12. Release Notes#

12.1. Known Issues#

  • The programming model is missing a section on a cross-tile block kernel such as split-k.

  • The bytecode section does not provide exact encoding of each operation, expect this to be introduced in a future release.

  • The semi-formal memory model section is written but does not provide detailed examples of how to to utilize it.

  • Atomics are currently limited in Tile IR and will be expanded in a future release.

12.2. Changelog#

12.2.1. Spec 13.2 (2026-03-11)#

Supported Architectures#

  • Added support for Ampere (sm_80, sm_86, sm_87, sm_88) and Ada (sm_89) architectures.

New Operations#

  • Added cuda_tile.atan2 operation for element-wise two-argument arctangent.

Updated Operations#

  • Added overflow attribute to cuda_tile.negi to control integer overflow behavior.

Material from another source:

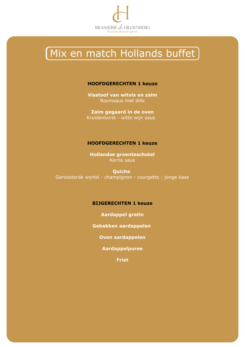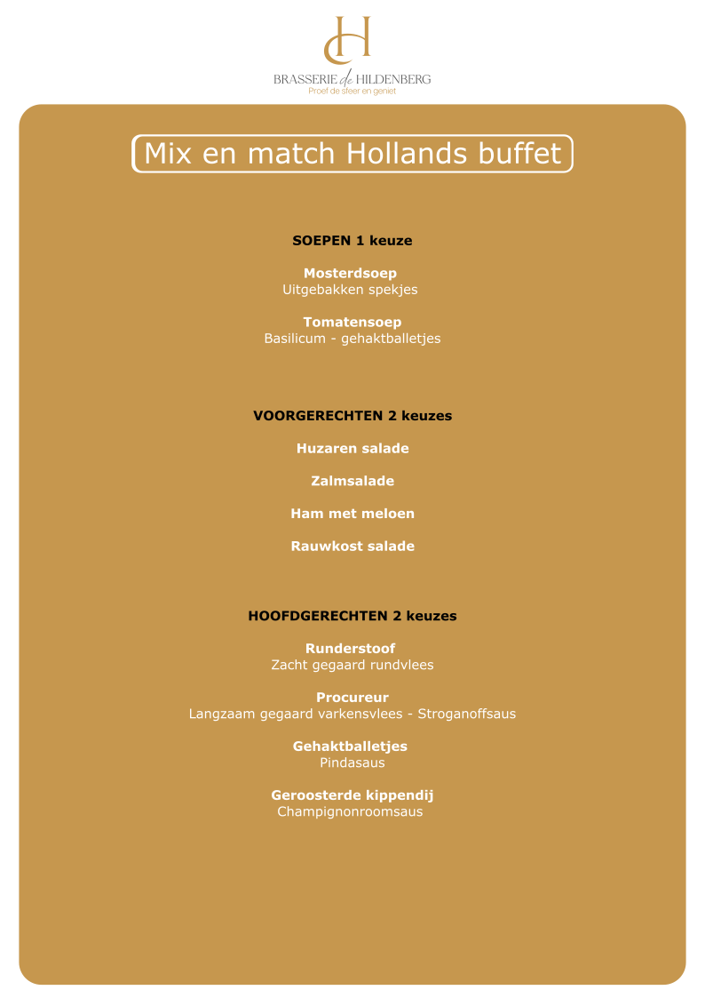 U kunt zelf de buffetten a €32,50 p.p samenstellen waarbij er in onderstaand overzicht is aangegeven waaruit gekozen kan worden. U kiest hierbij uit een soep, twee salades, twee warme vleesgerechten, 1 visgerecht, een vegetarisch gerecht en een groente en aardappelgarnituur. Uiteraard zijn uitbreidingen/wijzigingen in de buffetten mogelijk, hiervoor stellen wij graag een offerte op maat voor u samen.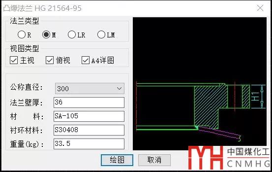 在VCAD有兩個凸緣繪制程序,均可以繪制1:1的凸緣,以及A4的凸緣制造圖。其中一個按照HG 21564-95,可以繪制R,M,LR,LM型凸緣。一個根據(jù)Pressure vessel Hand book繪制ASME的凸緣。

  • Added rounding_mode attribute to cuda_tile.tanh to control floating-point rounding behavior.

  • Added token result to cuda_tile.print_tko for memory ordering support.

  • Added unsignedCmp flag to cuda_tile.for to support unsigned integer comparison for loop termination.

  • Renamed cuda_tile.print to cuda_tile.print_tko in the textual format. Bytecode encoding is unchanged and remains backward compatible.